The New York Times
If we all begin the same exercise routine tomorrow, some of us will become much fitter, others will get a little more in shape and a few of us may actually lose fitness. Individual responses to exercise can vary wildly and, until now, unpredictably. But a new study of more than 650 men and women suggests that the levels of certain proteins in our bloodstreams might foretell whether and how we will respond to various exercise regimens.
The study needs replication and expansion, but it represents a meaningful start toward a blood test to indicate the best types of exercise for each of us and whether we can expect to gain more or less benefit from the same workout as our spouse, offspring, or other training partners or rivals.

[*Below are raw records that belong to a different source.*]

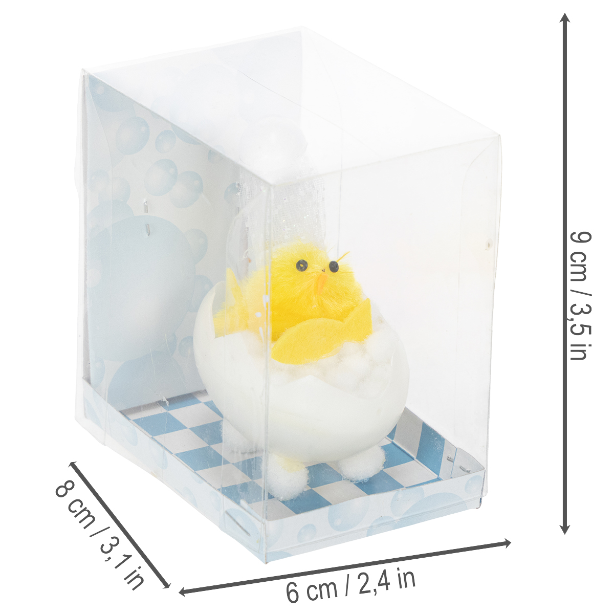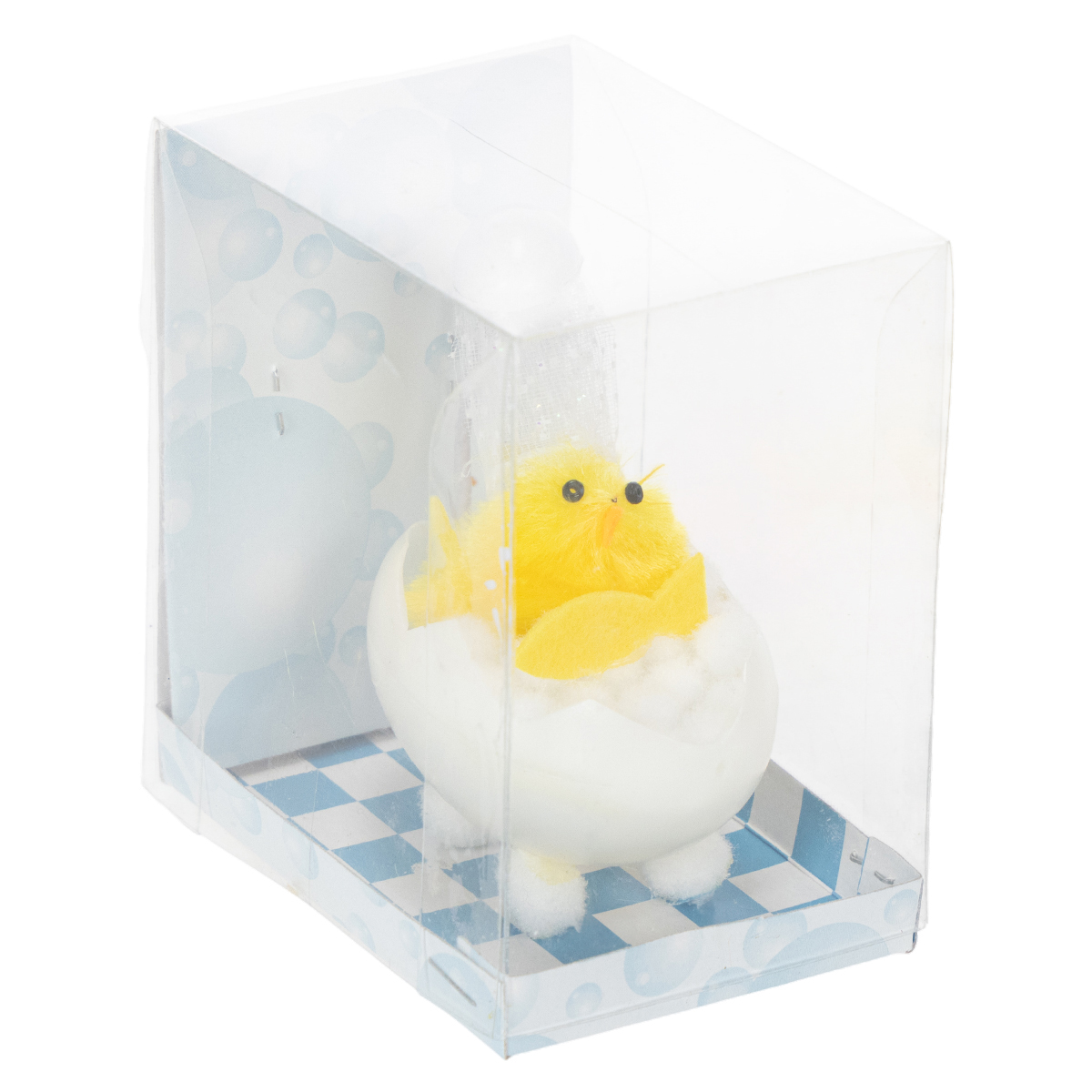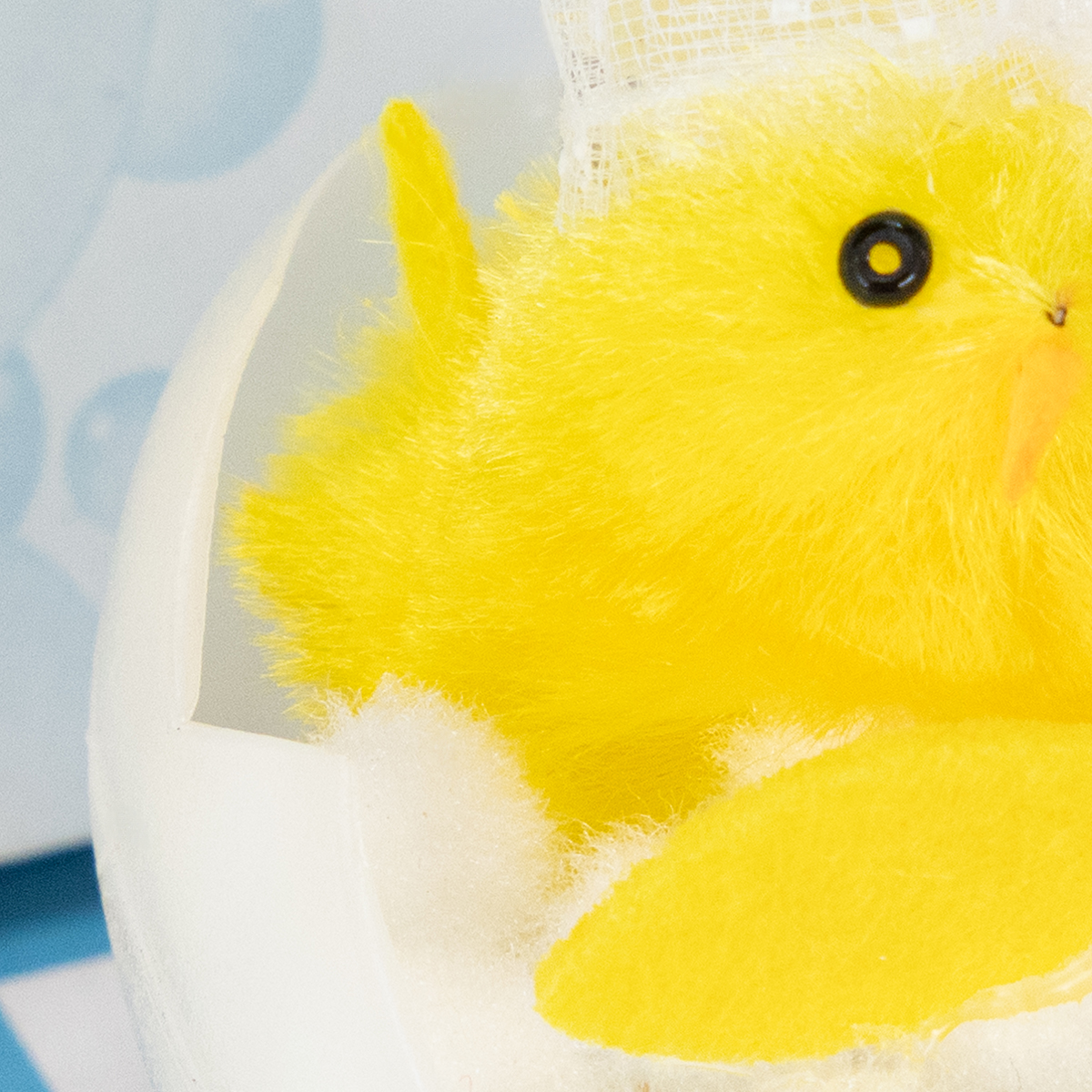 Påskekyllingdekorasjon, chenillekylling i badekaret, gul, 9 cm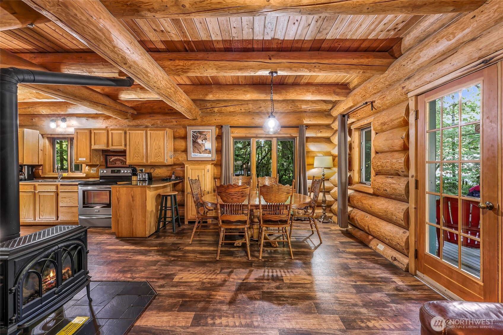 First time on the market, this log cabin is nestled in the tranquil foothills of Glacier. Come find comfort, privacy & a true Pacific Northwest lifestyle. Set on a generous lot surrounded by towering evergreens, the property features a large deck perfect for relaxing or entertaining. Inside, you'll find a warm, tongue & groove pine interior with an efficient layout, a wood-burning stove for those chilly mountain evenings & plenty of natural light. Just steps away from the amenity center & Chair 9, this is a convenient base for outdoor adventures including hiking, skiing & fishing. Whether you're looking for a full-time residence, vacation home, or investment opportunity, this meticulously maintained mountain hideaway is full of potential.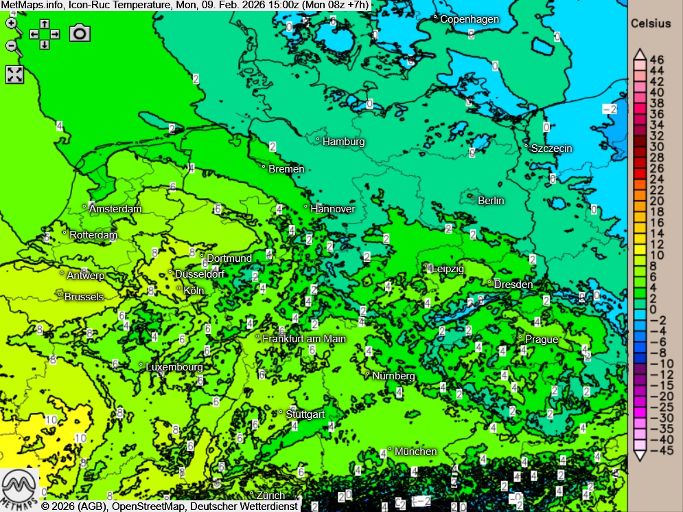 Die Temperatur- und Wetterkarte nach ICON-RUC für 15:00 Uhr:

Exercise response is a topic that probably should be discussed more often. We know exercise is wonderful for our health. Countless studies show that people who exercise tend to live longer, more happily and with less risk of many diseases than sedentary people.
But those findings refer to broad averages. Parse the study data closely and you can find a dizzying gamut of reactions, from outsized health and fitness gains in some people to none in others.
Disobligingly, little about our bodies and lives currently predicts how we will respond to exercise, including our genetics. Identical twins, with identical DNA, can react quite differently to workouts, studies show, as can people who are equally lean, obese or aerobically fit at the start of a new exercise program. Some, for mysterious reasons, wind up fitter and healthier afterward than others.
These enigmas intrigued researchers from Harvard University, Beth Israel Deaconess Medical Center in Boston and other institutions. The scientists had long been interested in how exercise alters the molecular environment inside the body.
Taken as a whole, the new study’s results suggest that “molecular profiling tools might help to tailor” exercise plans, said Dr. Robert Gerszten, a professor of medicine at Harvard Medical School and chief of cardiovascular medicine at Beth Israel Deaconess Medical Center, who conducted the new study with its lead author, Dr. Jeremy Robbins, and others.